Russia working with U.S. to free captives of Somali pirates
Russia is ``seriously concerned``
Russia is ``seriously concerned`` about the fate of a Ukrainian ship`s crew held by Somali pirates since Sept. 25, and is working with the U.S. to free them, the Foreign Ministry said in its first statement on the standoff, Bloomberg reported.
The ministry ``is closely following the efforts to free the ship and its crew and is actively taking part in them, having established for this purpose cooperation with the authorities of Ukraine, the U.S., and the leadership of the International Red Cross,`` according to the statement on the ministry`s Web site.
Somali pirates seized the Faina, a Belize-flagged vessel with a crew of 17 Ukrainians, three Russians and one Latvian, on Sept. 25, the Ukrainian Foreign Ministry said. It was carrying at least 30 Soviet-designed T-72 battle tanks to Kenya.
One of the Russians, the Faina`s captain, Vladimir Kolobkov, died in captivity, the Russian Foreign Ministry confirmed today. ``Unfortunately, because of unacceptable conditions set by the pirates, attempts by the Red Cross and our American colleagues to release the body of the dead captain have proved unsuccessful,`` the ministry said.
``The Russian side nevertheless considers that the joint efforts of all participants will lead to a successful outcome of the crisis and the freeing of the crew and of the ship,`` the ministry said.
The Faina is surrounded by U.S. and other warships off the coast of Somalia. The pirates originally sought a ransom of $20 million before lowering their demand to $8 million.
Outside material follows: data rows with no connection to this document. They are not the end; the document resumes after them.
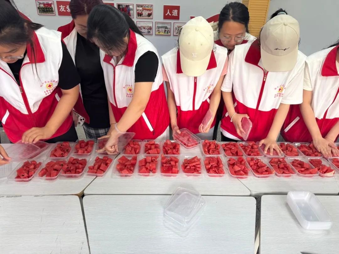 活动当日上午,志愿者们早早集合,将提前采购的西瓜仔细清洗、切块、装盒,并进行精心包装。每一个步骤都饱含着志愿者们的用心,他们希望用这份清爽甘甜,为烈日下工作的一线人员驱散暑气。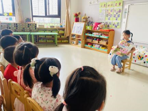 解读:好喜欢新班级的图书区,我们可以用手偶讲故事呢!
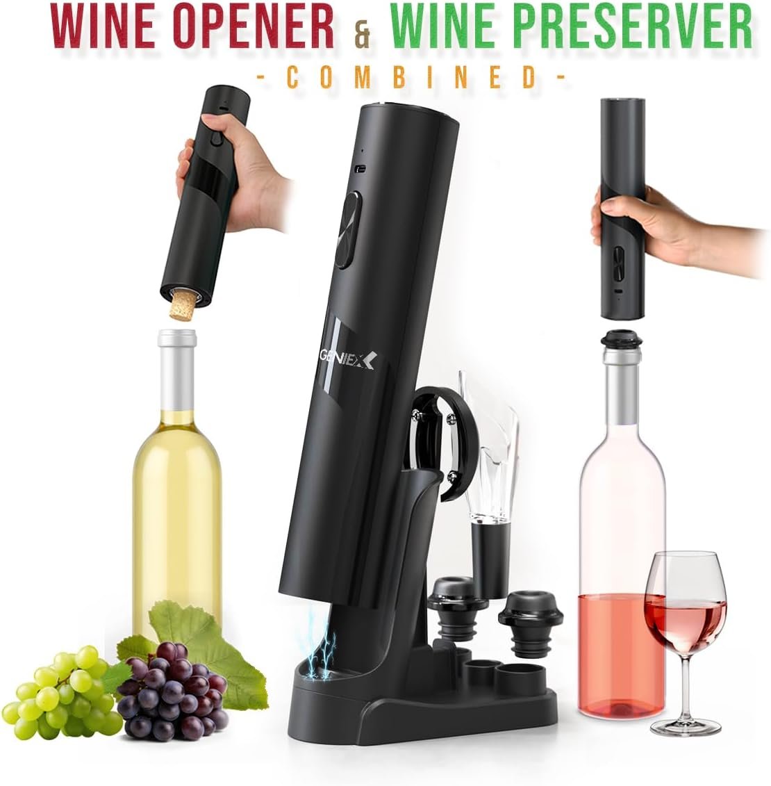 🍷【ALL-IN-ONE ELECTRIC WINE SET】GenieX Electric Wine Opener Set 6-in-1 include most necessary and useful wine accessories you need, magic wine foil cutter for fast foil cutting, wine aerator and pourer for wine aerating & wine pouring and 2 silicone wine stoppers for wine preservation, charging stand for wine accessories well organized. Apartment must haves GenieX 6-1 Electric Wine Opener with Charging Base.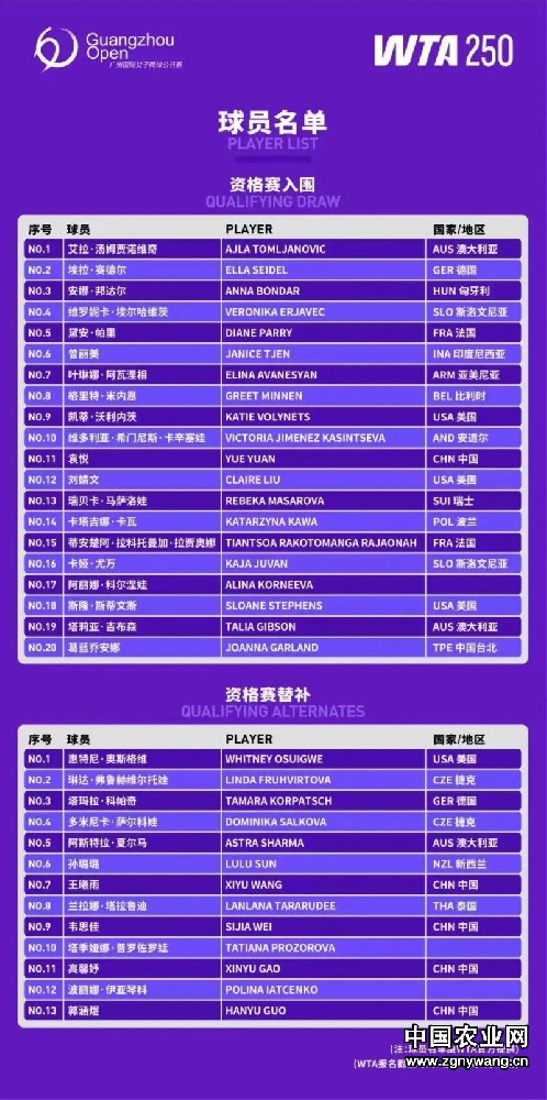 中国农业网广东讯(记者 张兆伟 陆丽萍)2025年广州国际女子网球公开赛资格赛阵容新鲜出炉,中国金花袁悦、前美网女单冠军斯蒂文斯、三届大满贯八强选手汤姆贾诺维奇等众多名将在列。去年温网八强孙璐璐、2023年广网冠军王曦雨,以及韦思佳、高馨妤、郭涵煜等多位中国金花出现在替补名单中。本届比赛将于10月19-26日连续第三...[详细]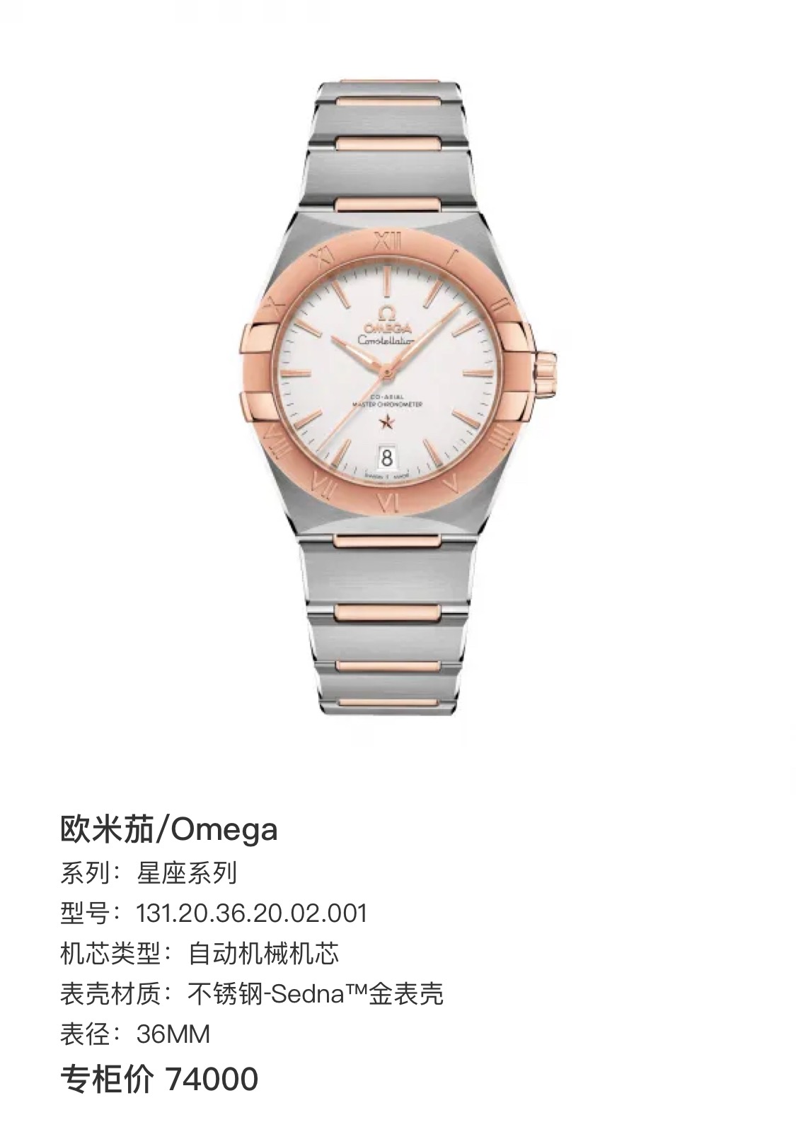 欧米茄/Omega 星座系列 131.20.36.20.02.001 自动机械机芯 不锈钢‑Sedna™金表壳 36MM 专柜价74000~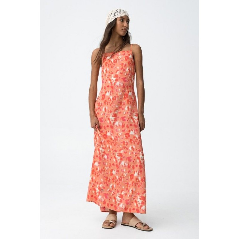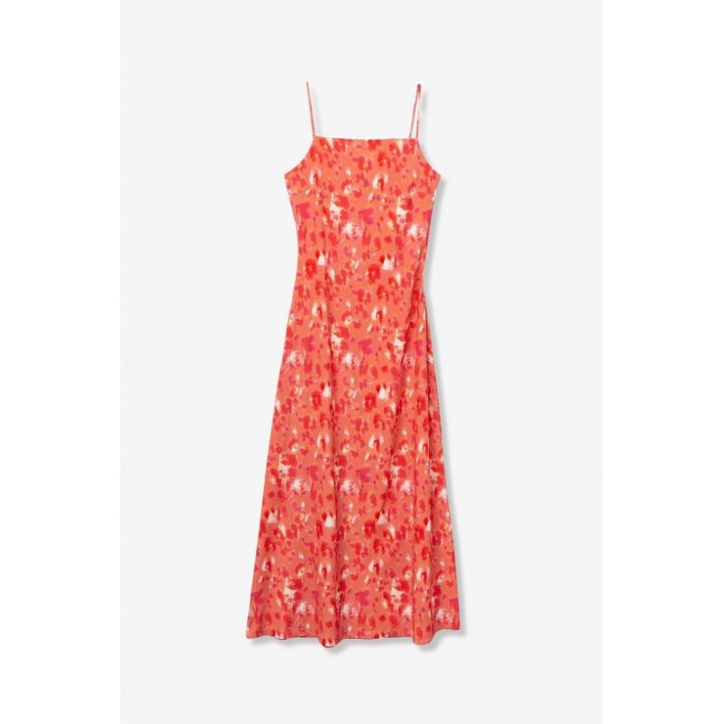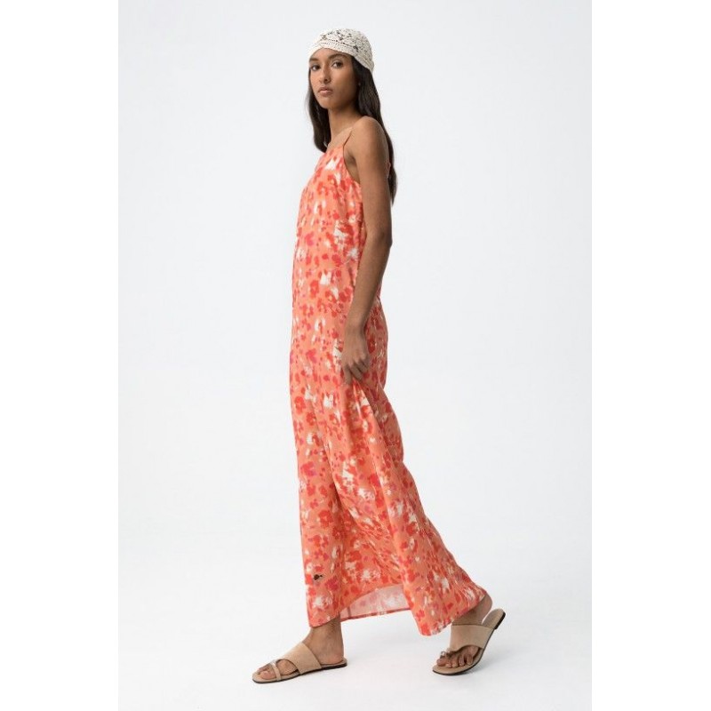 Robe longue ample couleur corail à imprimé floral, fines bretelles, légère et fluide.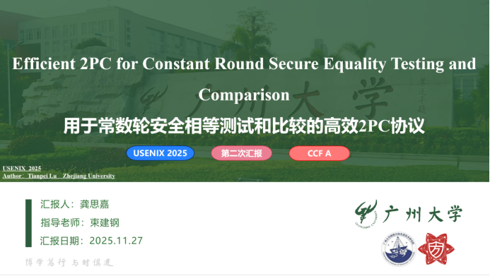 报告题目:【用于常数轮安全相等测试和比较的高效2PC协议】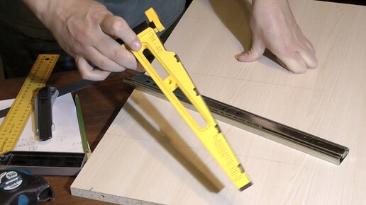 Мебельный кондуктор для установки направляющих выдвижных ящиков.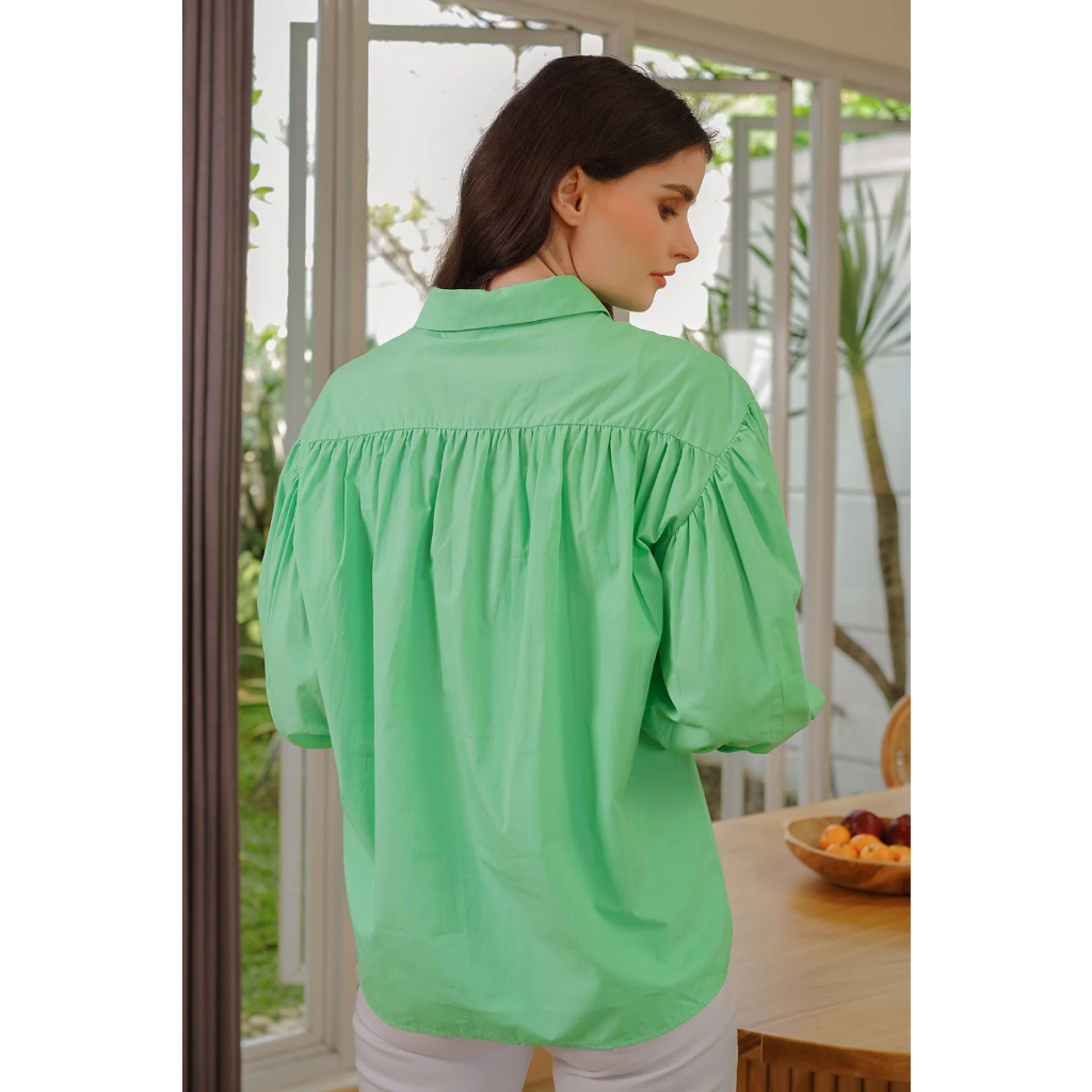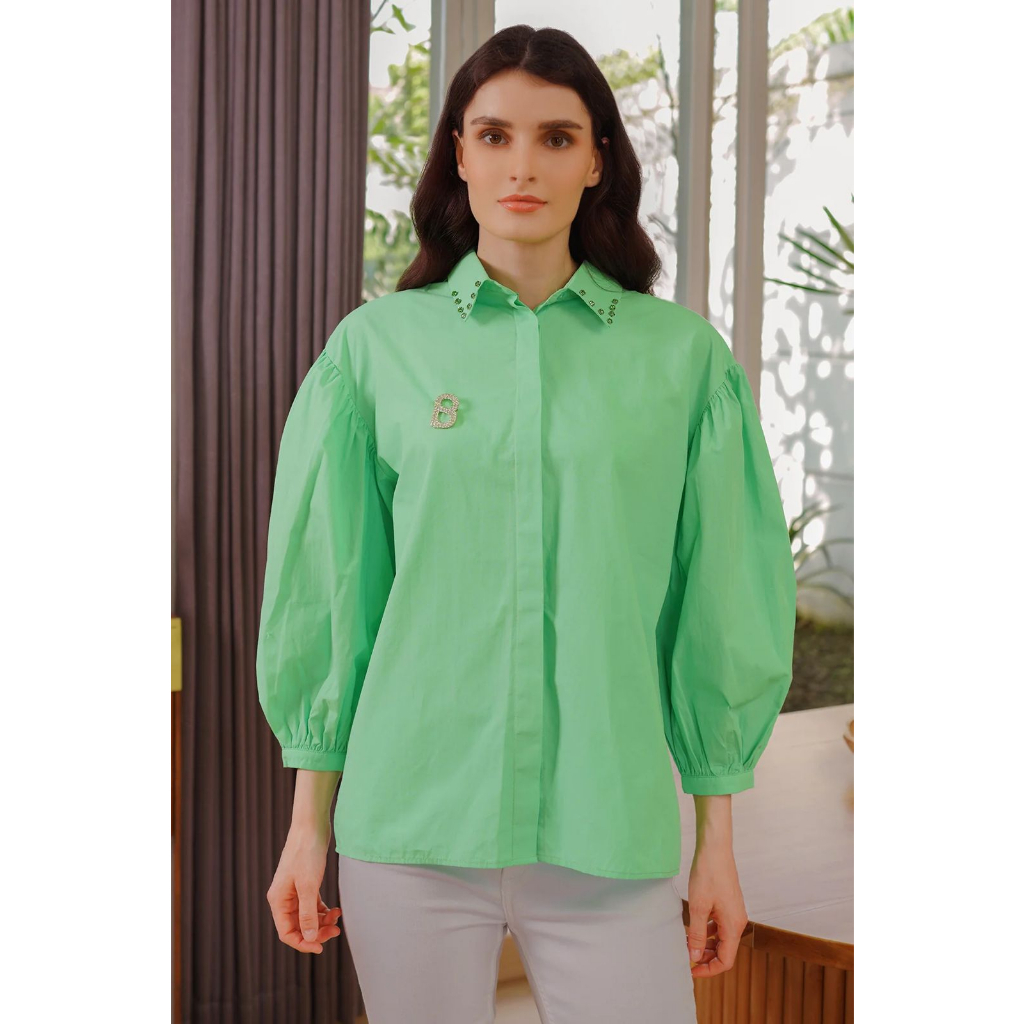 This shirt boasts a minimalistic yet elegant design. Crafted in a loose-fit silhouette with ultimate versatility and comfort. Features pleated sleeves that are subtly puffed. It's punctuated with a studded wide collar to lend your casual curations a glamorous finish.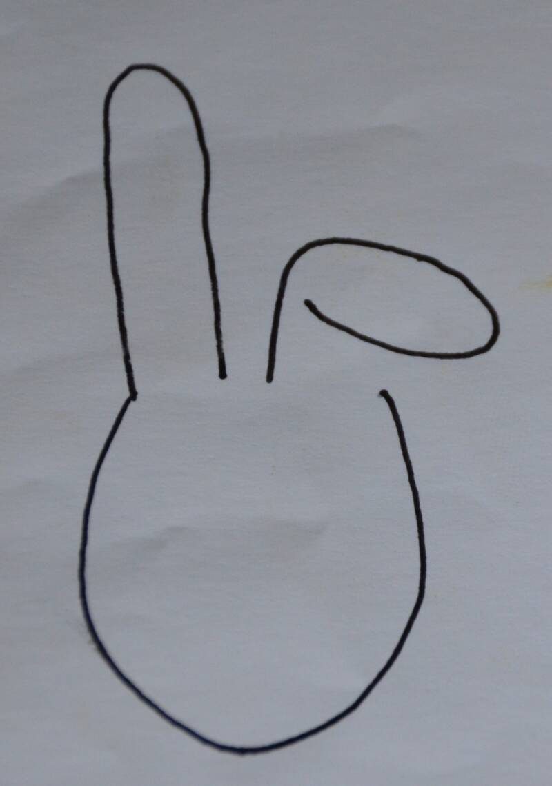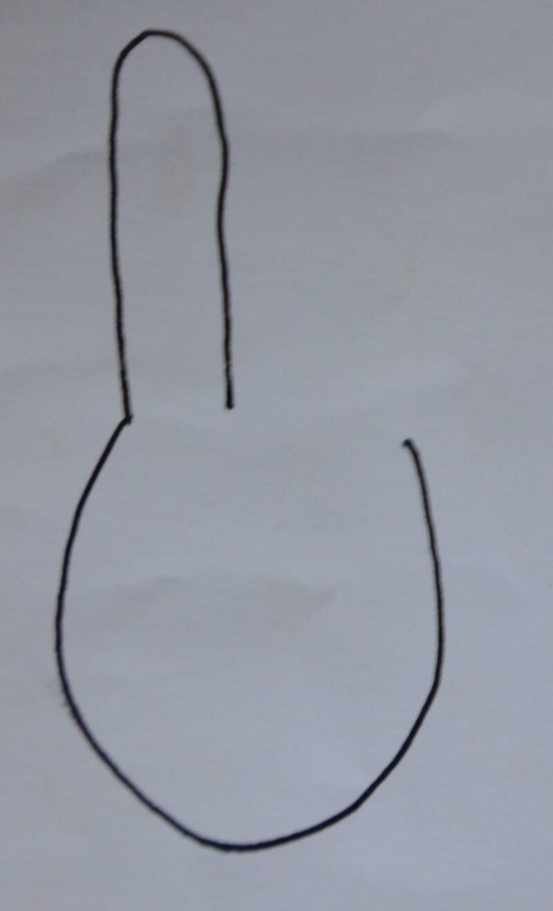 Stap3: Rechts van de boog teken je een hoekige en uitgerekte haak.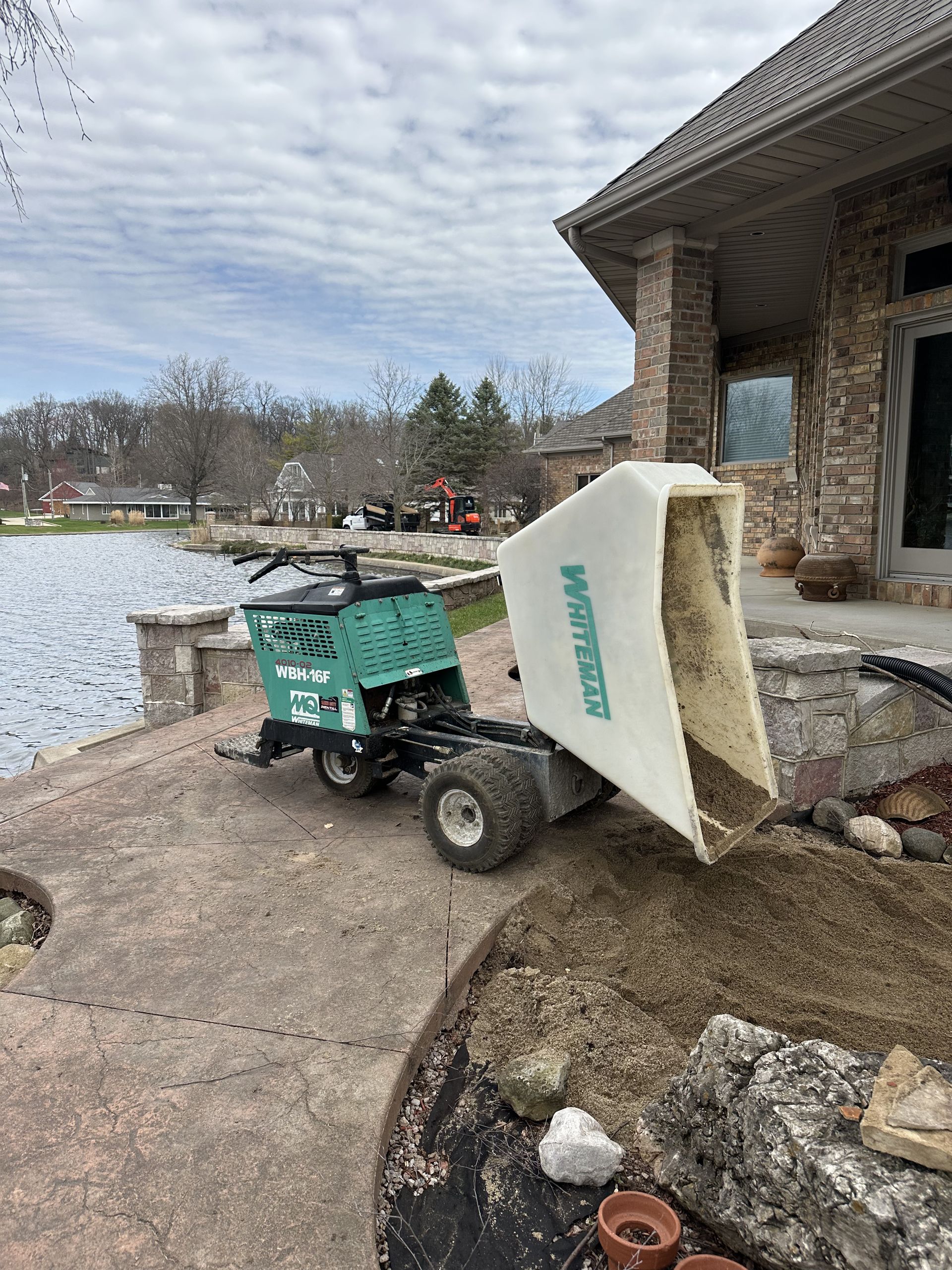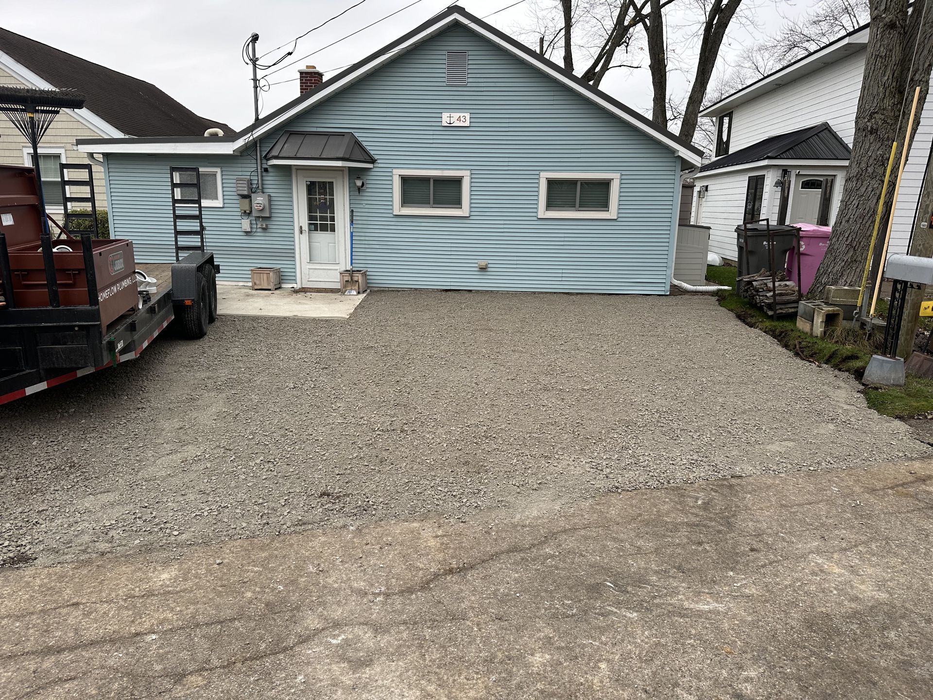 A septic tank is being installed in the backyard of a house.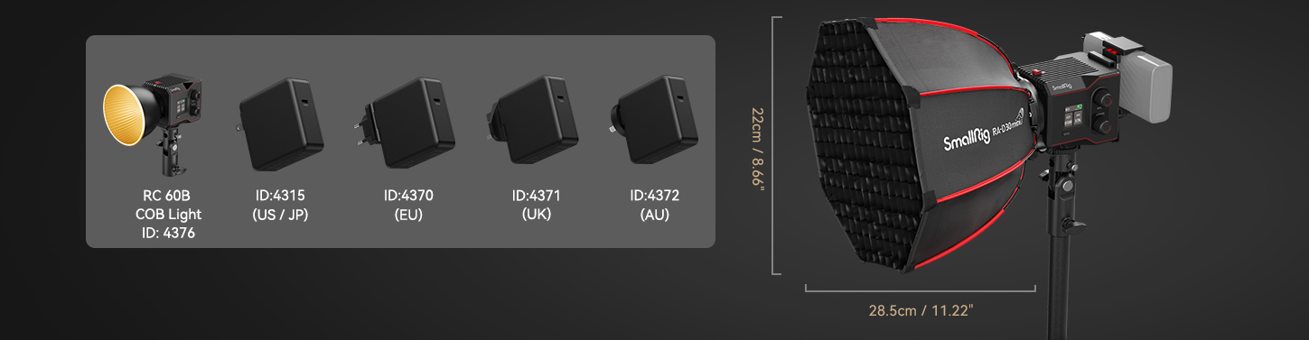 - Compatibility with RC 60B COB Light: The mini parabolic softbox is compatible with RC 60/100 COB light.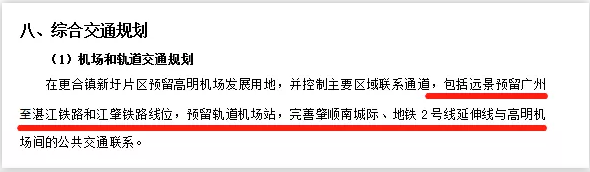此外,在去年9月高明区政府发布的《高明区分区规划(2014-2020)》公示中明确,机场周边交通线路预留了江肇铁路线位。

They threatened to sink the ship, then withdrew the threat.
Russia also has a warship, the Neustrashimy or Intrepid, on its way to the coast of Somalia. Navy spokesman Igor Dygalo said on Oct. 21 that the warship ``may join in the activities of ships from foreign navies`` in trying to free the Faina.
Russian-U.S. military relations, long tense over a series of issues including U.S. plans to place elements of a missile- defense system in Poland and the Czech Republic, received a boost on Oct. 21 when Admiral Michael Mullen, chairman of the U.S. Joint Chiefs of Staff, met his Russian counterpart General Nikolai Makarov in Finland.
It was their first meeting since Makarov`s promotion this summer. Makarov described the talks as ``extremely open, honest and substantive`` in comments posted on the Defense Ministry`s Web site yesterday.
The two agreed to hold regular phone calls ``and, when necessary, hold face-to-face meetings, which, I think, will become systematic and regularly planned,`` Makarov said.